%%
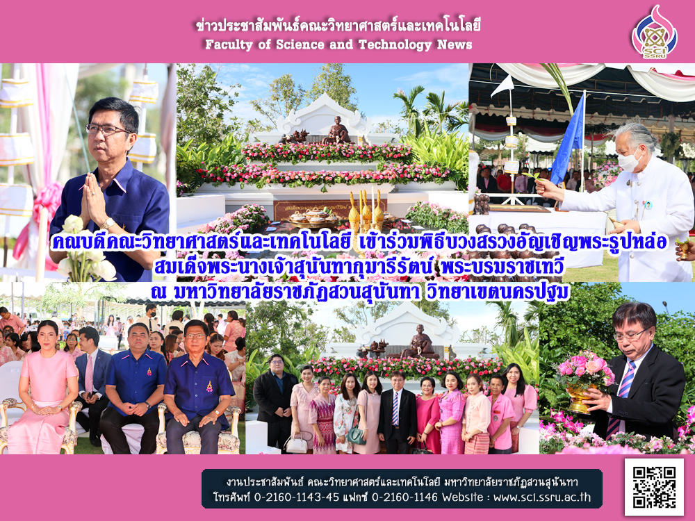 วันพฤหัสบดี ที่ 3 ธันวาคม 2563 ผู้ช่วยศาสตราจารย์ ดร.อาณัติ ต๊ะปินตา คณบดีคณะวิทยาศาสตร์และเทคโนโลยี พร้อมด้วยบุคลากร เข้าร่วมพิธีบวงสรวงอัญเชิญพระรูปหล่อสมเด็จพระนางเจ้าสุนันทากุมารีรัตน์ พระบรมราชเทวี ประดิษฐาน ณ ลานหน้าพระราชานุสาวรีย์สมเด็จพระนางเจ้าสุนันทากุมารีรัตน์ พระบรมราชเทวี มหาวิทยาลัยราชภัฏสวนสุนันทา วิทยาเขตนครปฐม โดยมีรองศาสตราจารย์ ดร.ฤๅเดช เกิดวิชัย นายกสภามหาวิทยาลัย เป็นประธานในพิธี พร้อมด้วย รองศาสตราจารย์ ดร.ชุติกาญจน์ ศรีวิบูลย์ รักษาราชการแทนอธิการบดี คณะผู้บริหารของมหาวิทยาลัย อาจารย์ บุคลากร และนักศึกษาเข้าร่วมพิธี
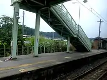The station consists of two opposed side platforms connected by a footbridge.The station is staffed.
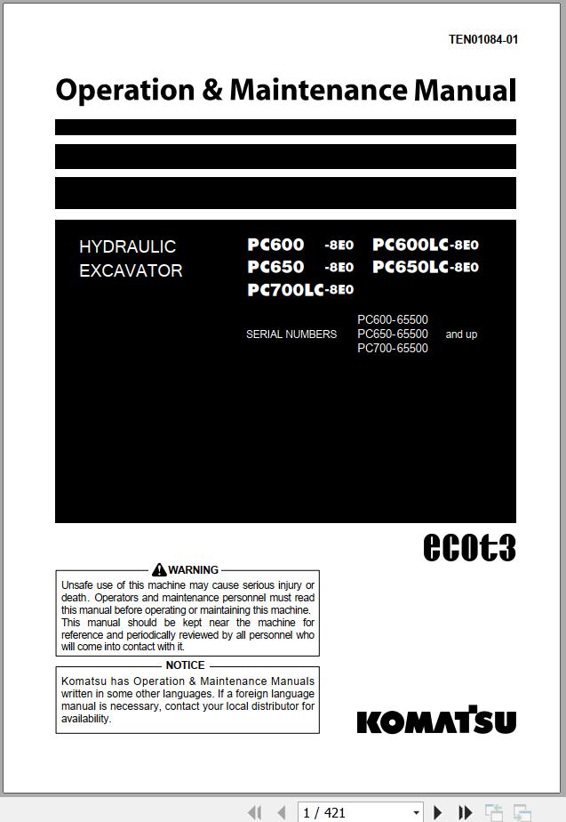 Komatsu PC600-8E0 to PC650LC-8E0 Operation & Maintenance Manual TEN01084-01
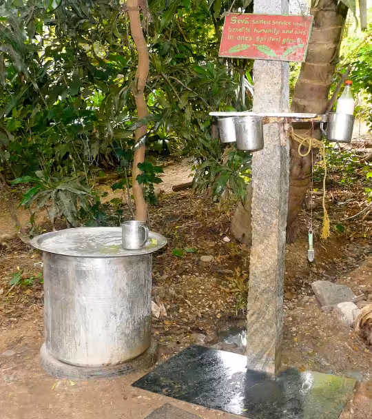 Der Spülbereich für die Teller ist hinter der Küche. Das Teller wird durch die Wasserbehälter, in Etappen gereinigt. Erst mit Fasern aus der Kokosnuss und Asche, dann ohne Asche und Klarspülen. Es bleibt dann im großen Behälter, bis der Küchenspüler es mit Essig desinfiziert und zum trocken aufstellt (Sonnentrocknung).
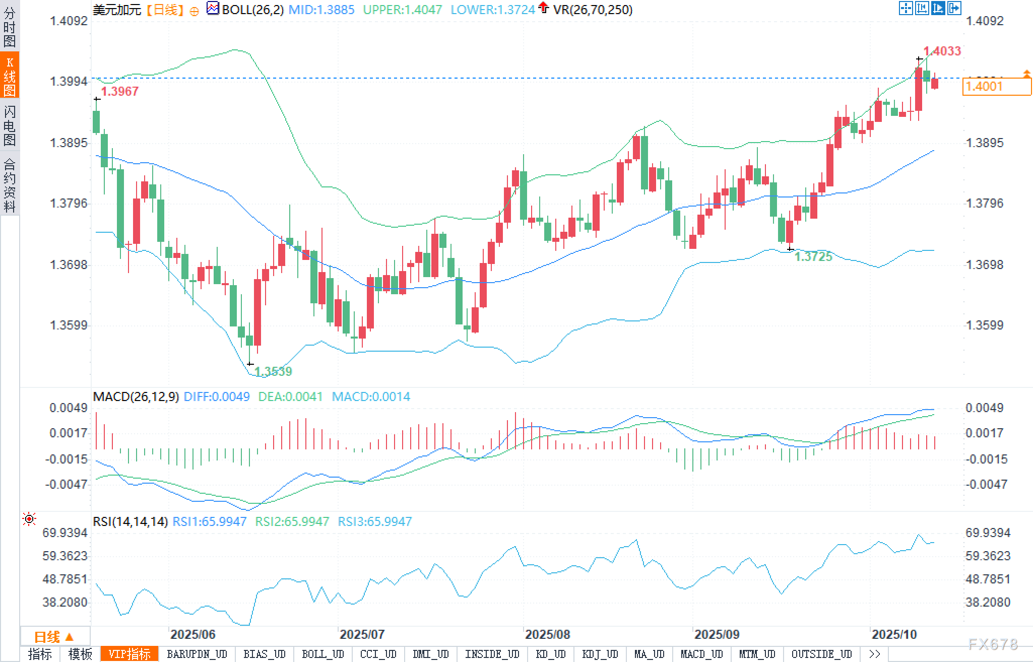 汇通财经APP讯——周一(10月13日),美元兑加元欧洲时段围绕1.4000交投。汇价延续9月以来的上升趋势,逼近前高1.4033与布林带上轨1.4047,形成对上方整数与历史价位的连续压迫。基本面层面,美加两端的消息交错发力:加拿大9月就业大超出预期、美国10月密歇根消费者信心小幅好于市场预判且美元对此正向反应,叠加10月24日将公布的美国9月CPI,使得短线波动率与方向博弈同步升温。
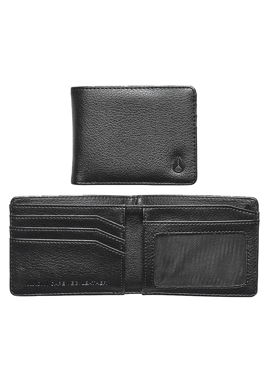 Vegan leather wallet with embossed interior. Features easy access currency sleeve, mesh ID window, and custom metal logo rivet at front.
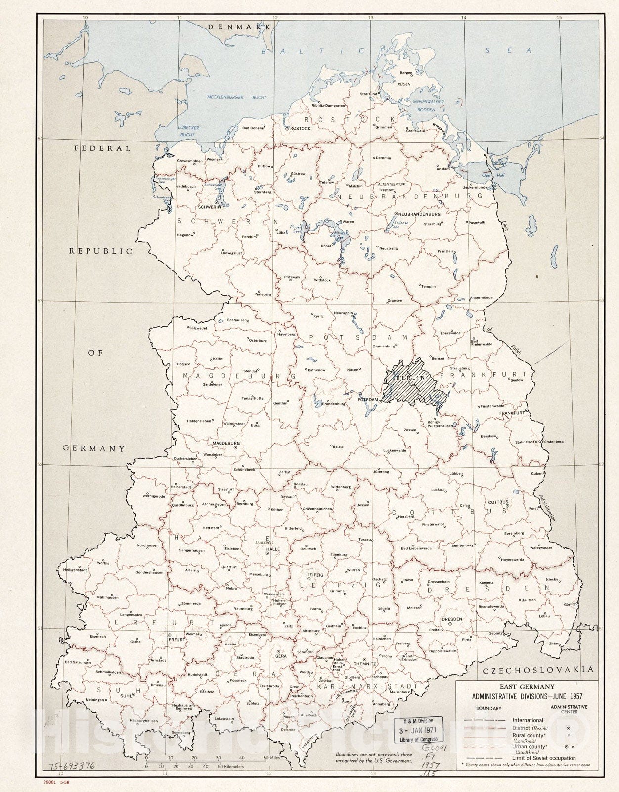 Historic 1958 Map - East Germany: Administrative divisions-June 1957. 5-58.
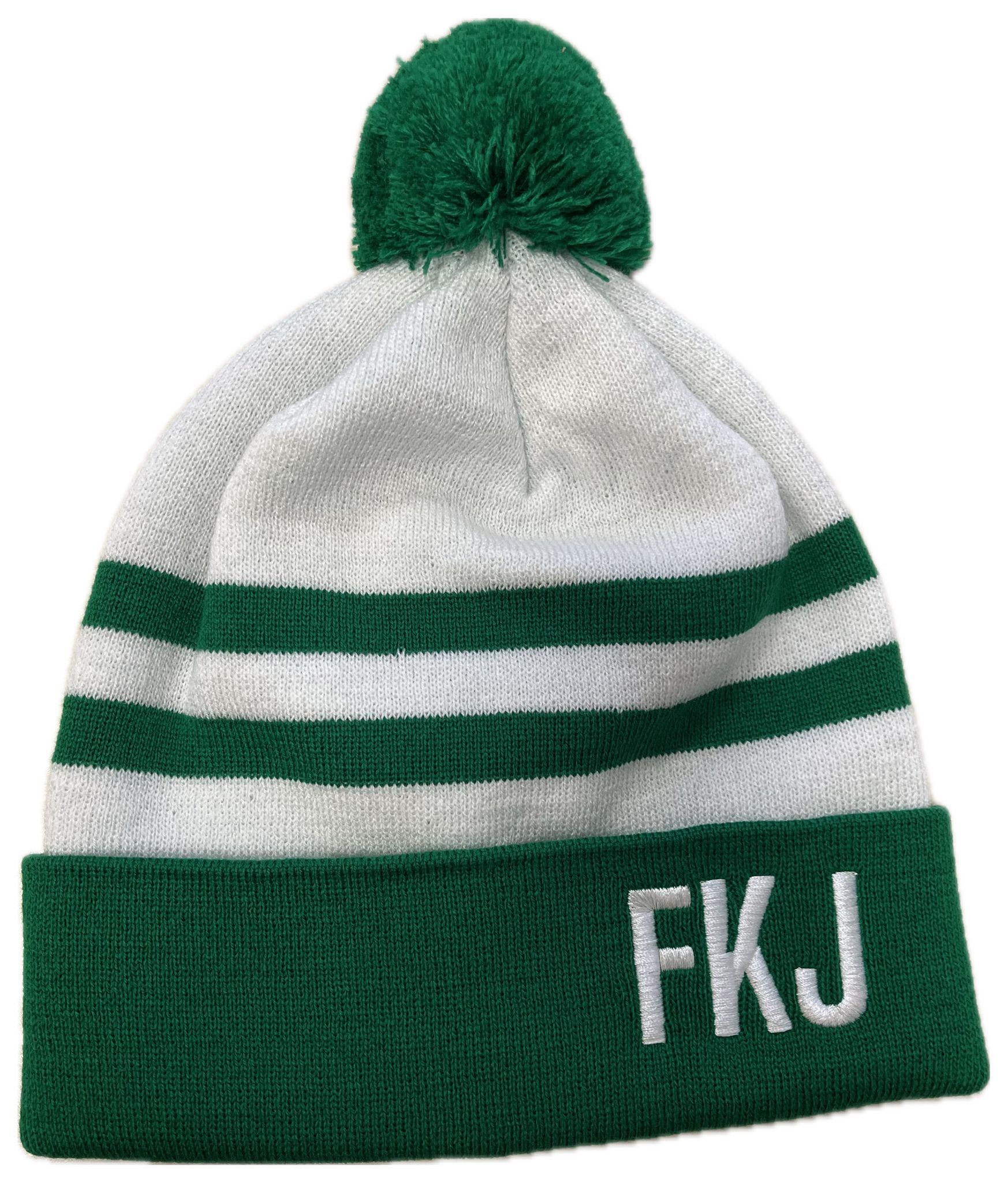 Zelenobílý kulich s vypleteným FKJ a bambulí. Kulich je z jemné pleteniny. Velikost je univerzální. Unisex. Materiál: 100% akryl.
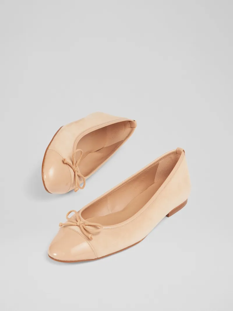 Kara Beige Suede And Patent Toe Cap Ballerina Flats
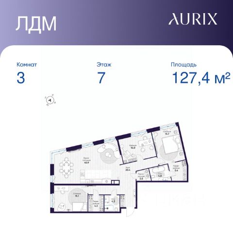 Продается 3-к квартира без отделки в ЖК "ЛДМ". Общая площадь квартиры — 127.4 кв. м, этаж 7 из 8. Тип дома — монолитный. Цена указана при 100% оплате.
%%
## Work required:
Write out each line of the data above exactly, starting at the top and finishing with the line containing "汇通财经APP讯——周一(1"; omit the pictures.

## The completed task:
 วันพฤหัสบดี ที่ 3 ธันวาคม 2563 ผู้ช่วยศาสตราจารย์ ดร.อาณัติ ต๊ะปินตา คณบดีคณะวิทยาศาสตร์และเทคโนโลยี พร้อมด้วยบุคลากร เข้าร่วมพิธีบวงสรวงอัญเชิญพระรูปหล่อสมเด็จพระนางเจ้าสุนันทากุมารีรัตน์ พระบรมราชเทวี ประดิษฐาน ณ ลานหน้าพระราชานุสาวรีย์สมเด็จพระนางเจ้าสุนันทากุมารีรัตน์ พระบรมราชเทวี มหาวิทยาลัยราชภัฏสวนสุนันทา วิทยาเขตนครปฐม โดยมีรองศาสตราจารย์ ดร.ฤๅเดช เกิดวิชัย นายกสภามหาวิทยาลัย เป็นประธานในพิธี พร้อมด้วย รองศาสตราจารย์ ดร.ชุติกาญจน์ ศรีวิบูลย์ รักษาราชการแทนอธิการบดี คณะผู้บริหารของมหาวิทยาลัย อาจารย์ บุคลากร และนักศึกษาเข้าร่วมพิธี
The station consists of two opposed side platforms connected by a footbridge.The station is staffed.
 Komatsu PC600-8E0 to PC650LC-8E0 Operation & Maintenance Manual TEN01084-01
 Der Spülbereich für die Teller ist hinter der Küche. Das Teller wird durch die Wasserbehälter, in Etappen gereinigt. Erst mit Fasern aus der Kokosnuss und Asche, dann ohne Asche und Klarspülen. Es bleibt dann im großen Behälter, bis der Küchenspüler es mit Essig desinfiziert und zum trocken aufstellt (Sonnentrocknung).
 汇通财经APP讯——周一(10月13日),美元兑加元欧洲时段围绕1.4000交投。汇价延续9月以来的上升趋势,逼近前高1.4033与布林带上轨1.4047,形成对上方整数与历史价位的连续压迫。基本面层面,美加两端的消息交错发力:加拿大9月就业大超出预期、美国10月密歇根消费者信心小幅好于市场预判且美元对此正向反应,叠加10月24日将公布的美国9月CPI,使得短线波动率与方向博弈同步升温。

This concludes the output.